# FS:EVERYTHING MUST GO, throw a price at me - stands & 55g FW setup, etc.



## vancityyardy (May 2, 2010)

*Is there anyone that has the slightest interest about any of these items before i take em to the dump?*
Hello everyone, just trying to clear some balcony & storage space so looking to get rid of some over stock equipment... All prices are negotiable

Stand with 2 storage areas (36"x12") - $45 o.b.o.
Steel stand with extreme stability and strength (72 3/4"x18 3/4") - $80 o.b.o. 
Unfinished diy stand, extremely strong and sturdy... this stand is under all that driftwood (72"x18") - $80 o.b.o.
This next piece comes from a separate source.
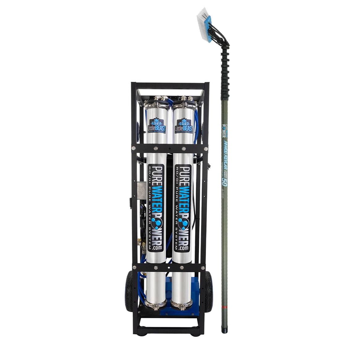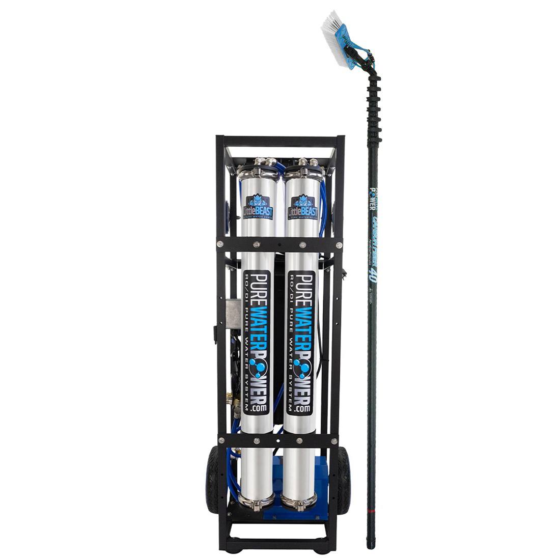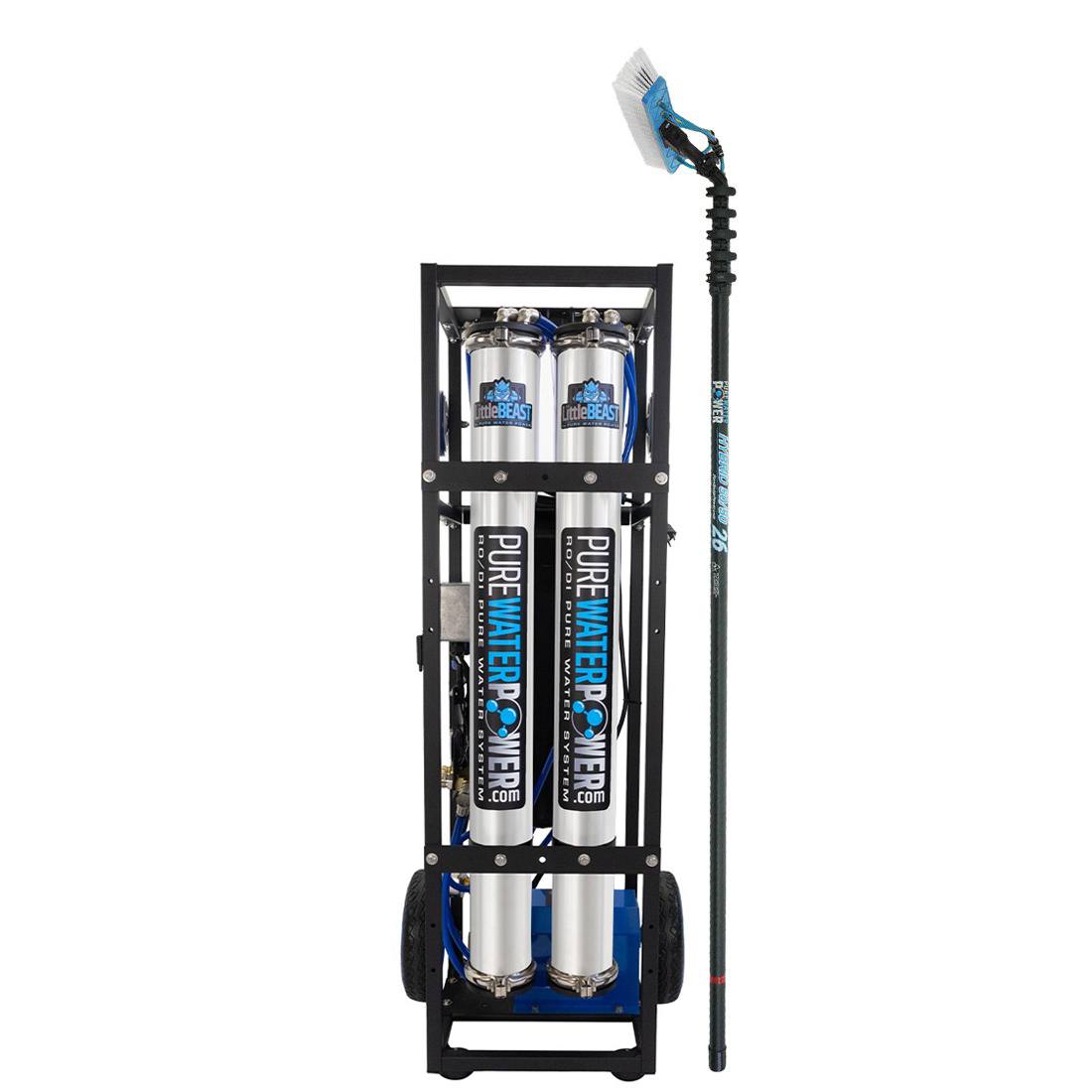 The Pure Water Power Little Beast Dual RO/DI is a powerful water purification system that can produce up to 1 gallon per minute off of source pressure. When used with the included booster pump, it is capable of producing up to 2.5 gallons per minute - perfect for large commercial window cleanings.

let me know if anything strikes your eyes or anything you have questions on or if more pics needed.
Thx for looking.


----------



## MananaP (Apr 22, 2010)

Those DW must be big for $30 each? What is the exact seizes? THANKS!


----------



## vancityyardy (May 2, 2010)

various sizes, not sure how to measure them in width but they are on a 23" wide piece of plywood


----------



## vancityyardy (May 2, 2010)

Bump for price change


----------



## Brisch (May 13, 2010)

my tank is 48"x 16" would I be able to put it on that one stand thats 48"x18"?


----------



## pieces71 (Apr 21, 2010)

what kind of wood are your DW?


----------



## bowman00 (Apr 27, 2010)

You have been Pm'd


----------



## vancityyardy (May 2, 2010)

Hi, 
The tank would fit on the stand, there would just be a 2" gap at the back which could be modified by a 2by3/4" piece of wood.


Brisch said:


> my tank is 48"x 16" would I be able to put it on that one stand thats 48"x18"?


----------



## vancityyardy (May 2, 2010)

PM replied



bowman00 said:


> You have been Pm'd


----------



## vancityyardy (May 2, 2010)

I'm not sure of the kind of dw these r but if u would like to help me out and either take a look at them to specify then that would be my pleasure.



pieces71 said:


> what kind of wood are your DW?


----------



## Brendan (Apr 21, 2010)

Pm'd you for the 48x18" stand


----------



## vancityyardy (May 2, 2010)

free bump ty


----------



## vancityyardy (May 2, 2010)

Another bump for sturdy stands


----------



## tha604boi (May 21, 2010)

*xp rena filters*

How much are your two xp rena filters


----------



## vancityyardy (May 2, 2010)

Hey, sry a setup is no good without a filter so i would love to keep it with the aquarium and all...
Thx for your interest



tha604boi said:


> How much are your two xp rena filters


----------



## vancityyardy (May 2, 2010)

Last bump before the dump


----------



## Brisch (May 13, 2010)

do you still have the black stand? Ill take it


----------



## icy.bing (Jun 19, 2010)

do you have the DW there?

i am interested in it!

let me know!


----------